Wild honeysucks Climb on the walls, and seem to sprout a wish (If we may fancy wish of trees and plants) To overtop the apple trees hard-by.
Red roses, lilacs, variegated box Are there in plenty, and such hardy flowers As flourish best untrained.
Adjoining these Are herbs and esculents; and farther still A field; then cottages with trees, and last The distant hills and sky.
Behind, the scene is wilder.
Heath and furze Are everything that seems to grow and thrive Upon the uneven ground.
A stunted thorn Stands here and there, indeed; and from a pit An oak uprises, Springing from a seed Dropped by some bird a hundred years ago.
In days bygone-- Long gone--my father's mother, who is now Blest with the blest, would take me out to walk.
At such a time I once inquired of her How looked the spot when first she settled here.
The answer I remember.
'Fifty years Have passed since then, my child, and change has marked The face of all things.

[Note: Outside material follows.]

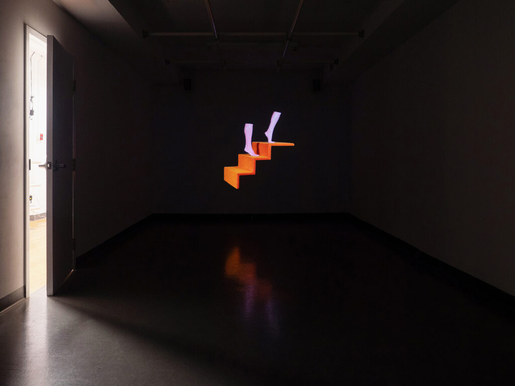 I am interested in practical special effects; how simple, tangible materials can be used to create believable, compelling illusions, even when their methods are exposed. In Display Form a performer’s legs appear disembodied. Makeup isolates them against a black background as they reenact poses from hosiery and athletic sock displays. A staircase appears to be floating in space, providing a a platform for the performance.

Yonder garden-plots And orchards were uncultivated slopes O'ergrown with bramble bushes, furze and thorn: That road a narrow path shut in by ferns, Which, almost trees, obscured the passers-by.
Our house stood quite alone, and those tall firs And beeches were not planted.
Snakes and efts Swarmed in the summer days, and nightly bats Would fly about our bedrooms.
Heathcroppers Lived on the hills, and were our only friends; So wild it was when we first settled here.